I've just bought this laptop, and it came with windows 8 preinstalled, and I'm trying to install Windows 7 on it.

I have a bootable usb, which I've used many times to install Windows on my other laptops, but the B590 just wont do it. I feel like I've tried everything. I changed the boot priority order in BIOS with USB HDD as number 1 but it still just boots into windows 8.

I've tried removing everything but USB devices from the boot order, and now I get this boot menu:
http://i.imgur.com/1iV2iaW.jpg

Which is exactly what I want to boot from, but when I press enter to boot from the USB device, nothing happens. It's incredibly frustrating.

The USB device IS bootable with a primary partition. I've used these steps to make it bootable in DISKPART:
http://social.technet.microsoft.com...how-to-deploy-windows-7-from-a-usb-drive.aspx

After having no luck on the B590, I tried booting on the USB on a different computer, and it works perfectly well. Starts installing windows 7. So it seems like the problem is not with my usb device.

I even tried restoring the USB drive and using Lenovo Bootable Generator application to make the usb bootable, with the same result.

Can anyone help?


----------



## mtzlplex (Aug 5, 2002)

F12 Key at bootup?


----------



## Bassi (Jul 20, 2008)

Which supposedly should open the exact same boot menu I've uploaded an image of. 
Though F12 doesn't work. But I can get the boot menu up by removing the harddrive from the boot list.

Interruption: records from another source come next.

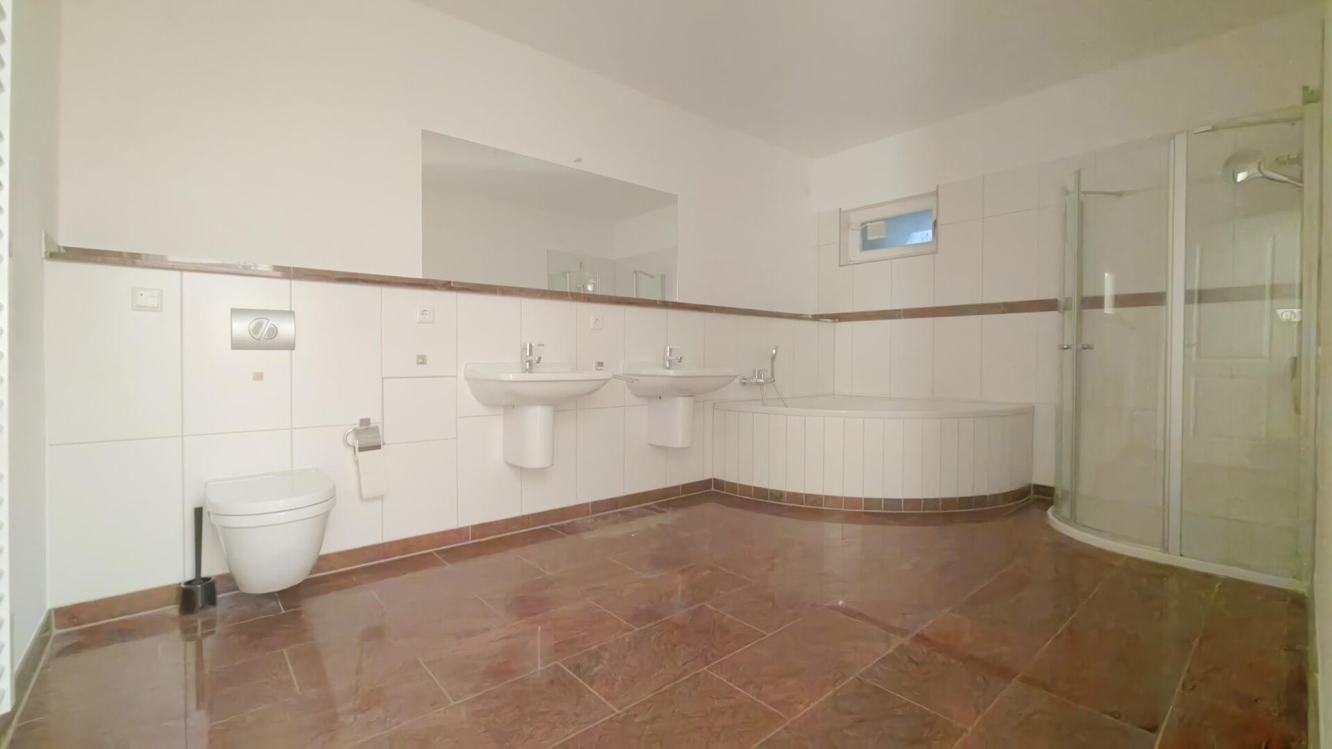 - Masterbad mit Eckbadewanne, Dusche, Doppelwaschtisch und WC im Erdgeschoss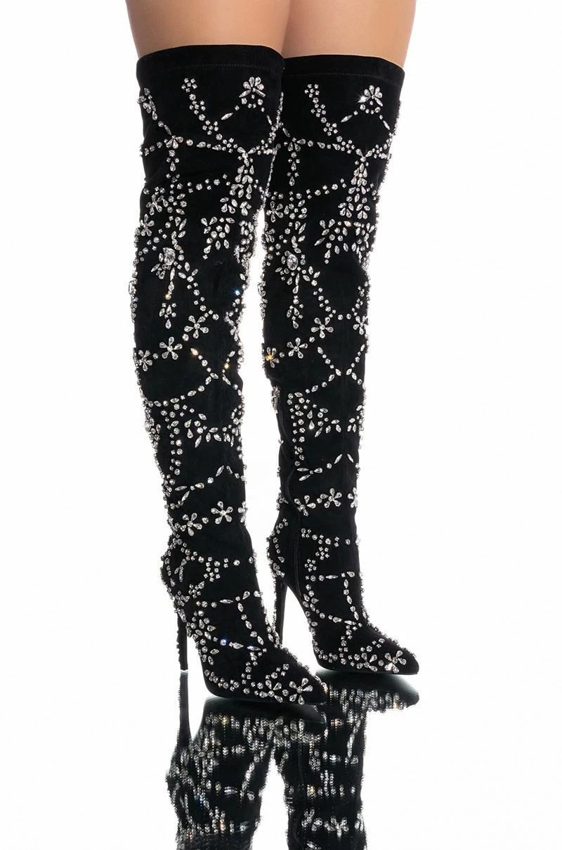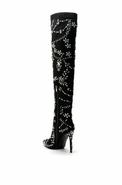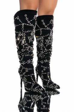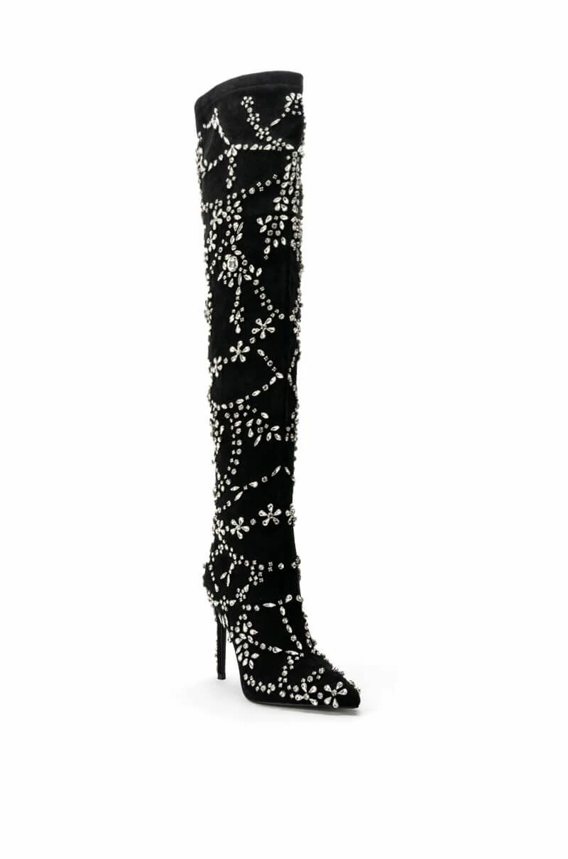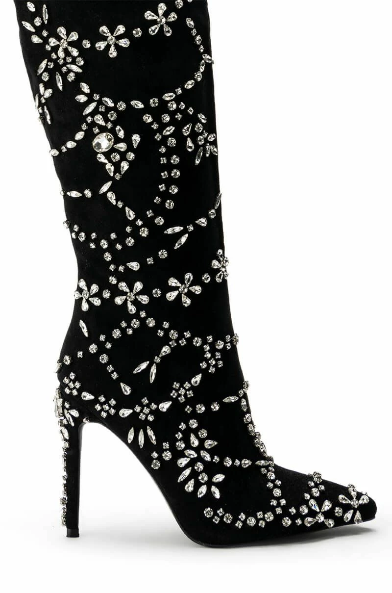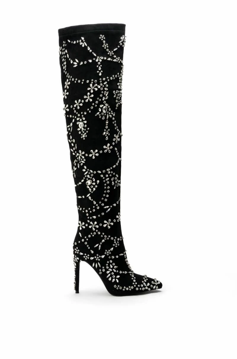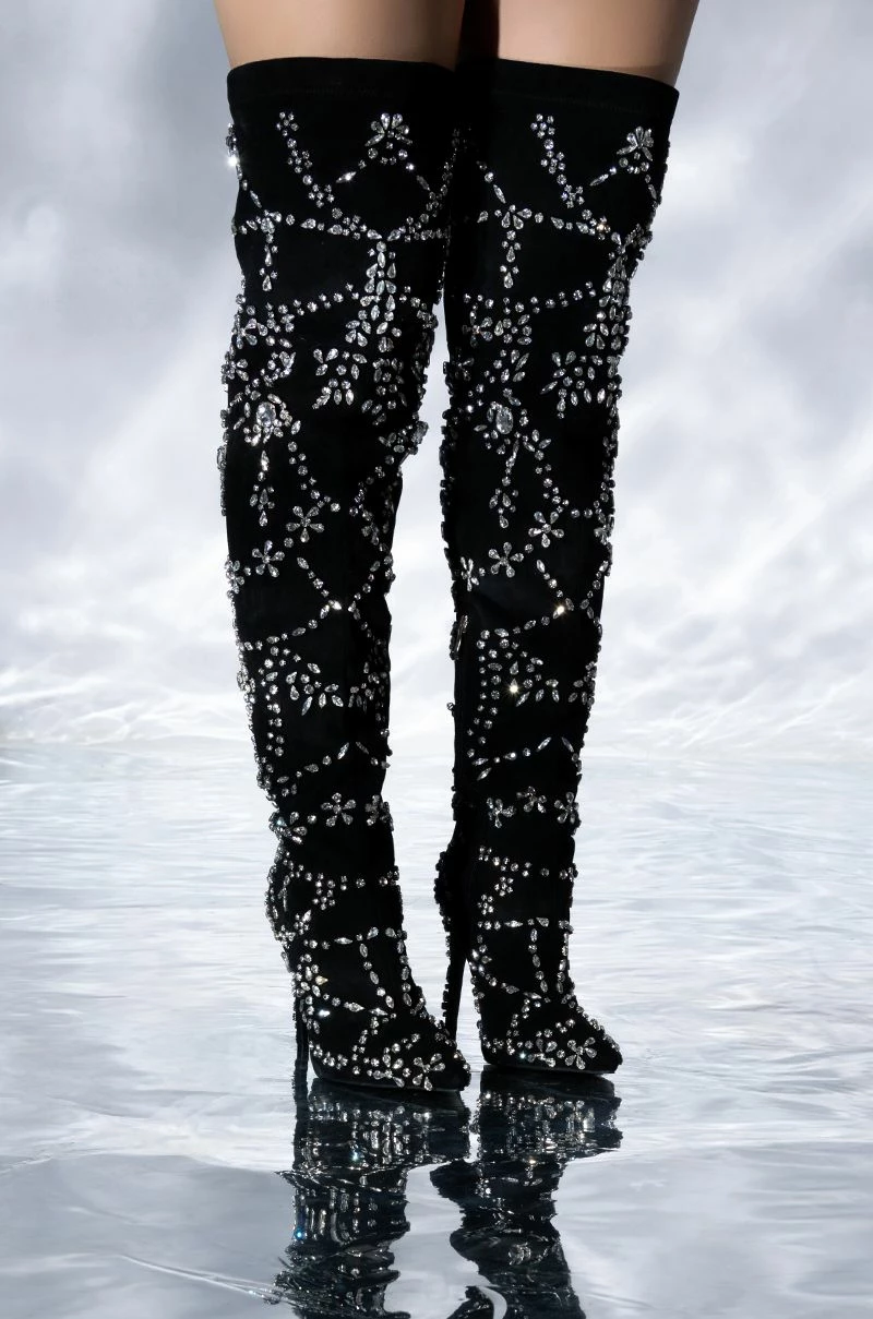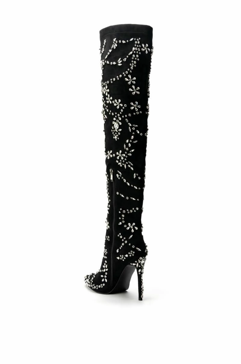 The AZALEA WANG Ageless Rhinestone Stiletto Boot In Black Suede is made from a chic suede upper and features patterned rhinestone detailing, a thigh-high silhouette, a pointed toe design, and a rhinestone-detailed stiletto heel. Complete with an inner ankle zipper closure.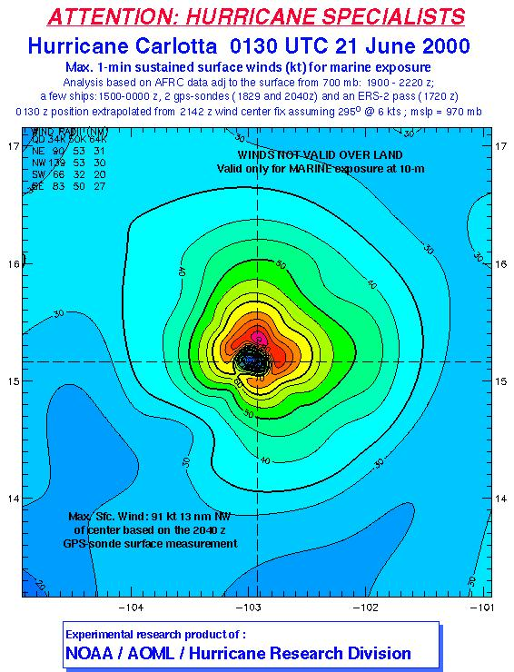 As a public service we are hosting the legacy H*wind archive that was formerly available through NOAA. Most of the archive was conducted in real-time so data collected after the analysis time were not available. Methods used to conduct the analyses evolved over the years. Grid spacing is on the order of 6 km and maximum domain size varies but is typically 8 x 8 degrees. There are known errors in some of the data coverage, mapping, and gridded products. For more information on the archive please go here. For realtime and post storm analysis of the 2014 season and a revised historical archive go here.
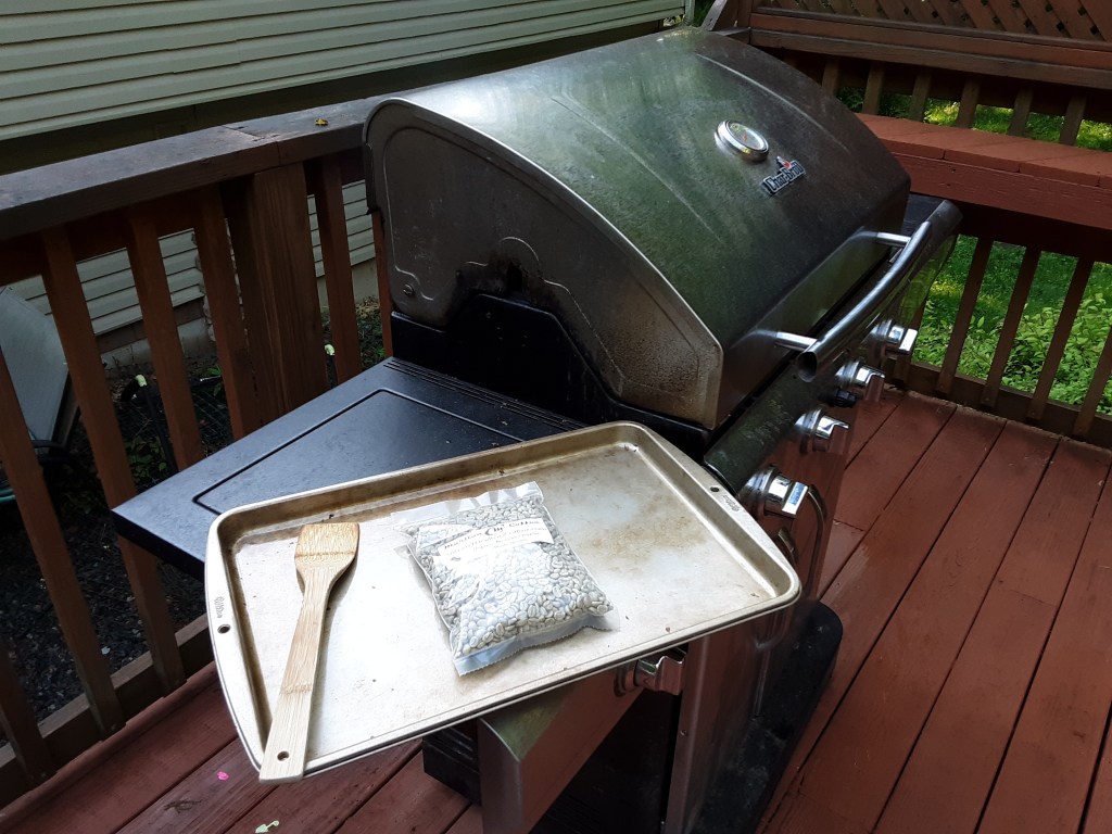 After I inadvertently smoked out my house and kitchen with the Bali batch, I was determined to figure out an alternative means of getting my roast on. The gas grill made the most sense. Sticking with the baking pan for the beans I set for low-medium heat.
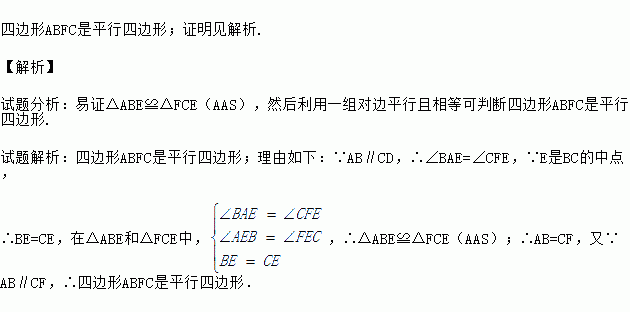 已知:如图,在四边形ABCD中,AB∥CD,E是BC的中点,直线AE交DC的延长线于点F.试判断四边形ABFC的形状,并证明你的结论.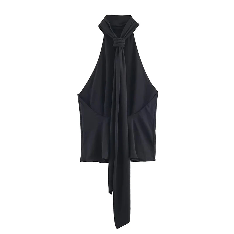 New Halter Tops Fashion Backless Bow Elegant Crop Top Woman 2025 Sleeveless Ruched Short Tops For Women Sexy Party Tops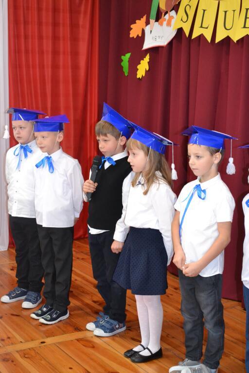 Uroczystą i bardzo oczekiwaną chwilą było ślubowanie na sztandar szkoły. Pierwszaki ślubowały uroczyście, że będą: pilnymi i obowiązkowymi uczniami, miłymi i dobrymi kolegami, zachowywać się w szkole i poza nią nienagannie oraz uczyć się tak aby w przyszłości wyrosnąć na mądrego i uczciwego człowieka. Towarzyszyła temu podniosła atmosfera, a na buziach dzieci rysowały się wielkie emocje. Bohaterowie tego wydarzenia dowiedli swoją postawą, iż doskonale rozumieją słowa: „Ślubuję być dobrym Polakiem, dbać o dobre imię klasy i szkoły”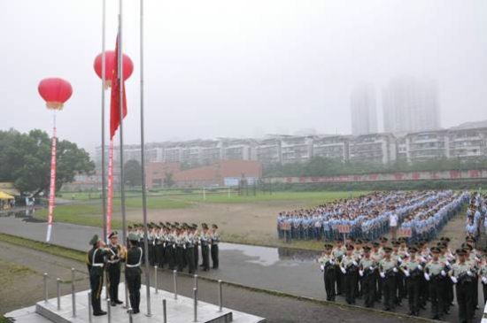 2014级新生军训开营仪式在庄严的升旗仪式中拉开帷幕。学院院长贺元成教授代表学院党政向出席仪式的武警泸州市支队领导、市作训办领导和承训部队全体教官表示热烈的欢迎和诚挚的感谢!向2014级新同学表示最热烈的欢迎!贺院长对学院的办学理念、办学思路、发展战略以及近几年来的快速发展作了相应的介绍,贺院长还提到学院顺利通过了四川省省级示范性高职院校建设验收,成功创建泸州技师学院并挂牌,被认定为四川省高技能人才培训基地。学院新校区正如火如荼地全面建设,明年新校区将投入使用。贺院长以“自强不息,勤奋敬业”的校训精神鼓舞新生,希望他们在军训中锻炼毅力、磨练意志,以饱满的热情,全身心的投入到大学生活的第一课,并将军训中学到的吃苦耐劳,勤奋锻炼的精神贯彻到今后的大学生活中

But still, it wont boot from USB.

EDIT: I got the boot menu up by pressing F12. Apparently you have to press F12 at the EXACT moment you press the power button.
http://i.imgur.com/SYv53Gf.jpg
But again. Nothing happens when I press enter on the USB drive. The screen just flickers.


----------



## mtzlplex (Aug 5, 2002)

Tried a different usb port?


----------



## Bassi (Jul 20, 2008)

Yup. All 3 of them. Same result.


----------



## mtzlplex (Aug 5, 2002)

I see you have posted at the Lenovo forums, may be there is something specific to that model laptop that they will know about. Good luck.


----------



## mtzlplex (Aug 5, 2002)

Boot mode to legacy, I almost said to try that.


----------



## Bassi (Jul 20, 2008)

Yes, that worked.

And thank you to Solid_Cruver from the lenovo forums for this solution:
http://forums.lenovo.com/t5/Lenovo-...om-usb-key/m-p/1231959/highlight/false#M46861


----------



## mtzlplex (Aug 5, 2002)

Glad to hear the solution worked for you. Also, looks like there are plenty of win7 drivers for you, always nice to know.


----------



## 5mpx (Oct 9, 2013)

I have had this same issue with Lenovo B590. Boot mode to legacy fixed this.


----------